2.   De lidstaten nemen alle noodzakelijke maatregelen om ervoor te zorgen dat hun regels inzake sancties die van toepassing zijn op inbreuken door marktdeelnemers op de bepalingen van deze verordening, worden gehandhaafd.

Artikel 44
Overgangsbepalingen

1.   De lidstaten verhinderen niet dat gastoestellen die onder Richtlijn 2009/142/EG vallen en in overeenstemming met die richtlijn zijn, op de markt worden aangeboden of in bedrijf worden gesteld, wanneer die gastoestellen vóór 21 april 2018 in de handel zijn gebracht.
2.   De lidstaten verhinderen niet dat appendages die onder Richtlijn 2009/142/EG vallen en in overeenstemming met die richtlijn zijn, op de markt worden aangeboden of in bedrijf worden gesteld, wanneer die vóór 21 april 2018 in de handel zijn gebracht.

Artikel 45
Intrekking

Richtlijn 2009/142/EG wordt ingetrokken met ingang van 21 april 2018.
Verwijzingen naar de ingetrokken richtlijn worden beschouwd als verwijzingen naar deze verordening en worden gelezen volgens de in bijlage VI opgenomen concordantietabel.

Artikel 46
Inwerkingtreding en toepassing

1.   Deze verordening treedt in werking op de twintigste dag na die van de bekendmaking ervan in het Publicatieblad van de Europese Unie.
2.   Zij is van toepassing met ingang van 21 april 2018, met uitzondering van:
a) artikel 4, de artikelen 19 tot en met 35, artikel 42 en bijlage II, die van toepassing zijn met ingang van 21 oktober 2016;
b) artikel 43, lid 1, dat van toepassing is met ingang van 21 maart 2018.
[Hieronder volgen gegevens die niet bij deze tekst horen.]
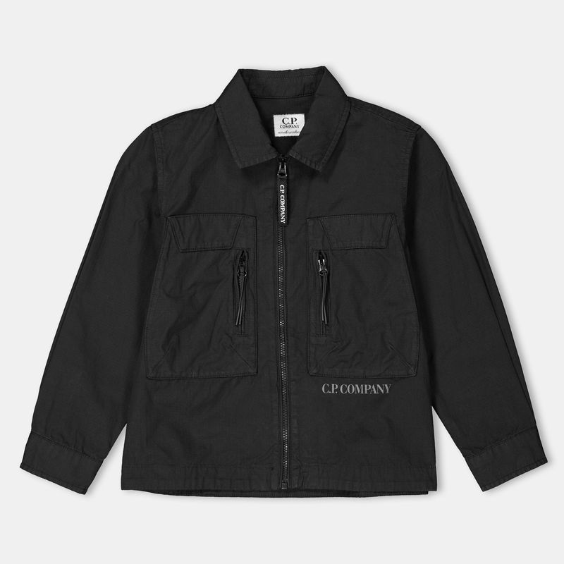 The Kids' Logo Button-Through Overshirt from CP Company offers lightweight utility and detailing. Featuring the brand's well-known lens badge on the sleeve and functional pockets, this overshirt delivers practical style with the durability needed for active children.

Deze verschillende data betekenen voor de uitvoering van de verordening dat lidstaten waarschijnlijk al ruim voor de toepassing met ingang van 21 april 2018 regelgeving moeten hebben vastgesteld om te kunnen voldoen aan de verplichtingen die van toepassing zijn met ingang van 21 maart 2016 en zijn opgenomen in artikel 46, eerste lid onder a. De verordening zelf is op 20 april 2016 in werking getreden waardoor er voor het vaststellen van regelgeving in feite niet veel tijd beschikbaar was.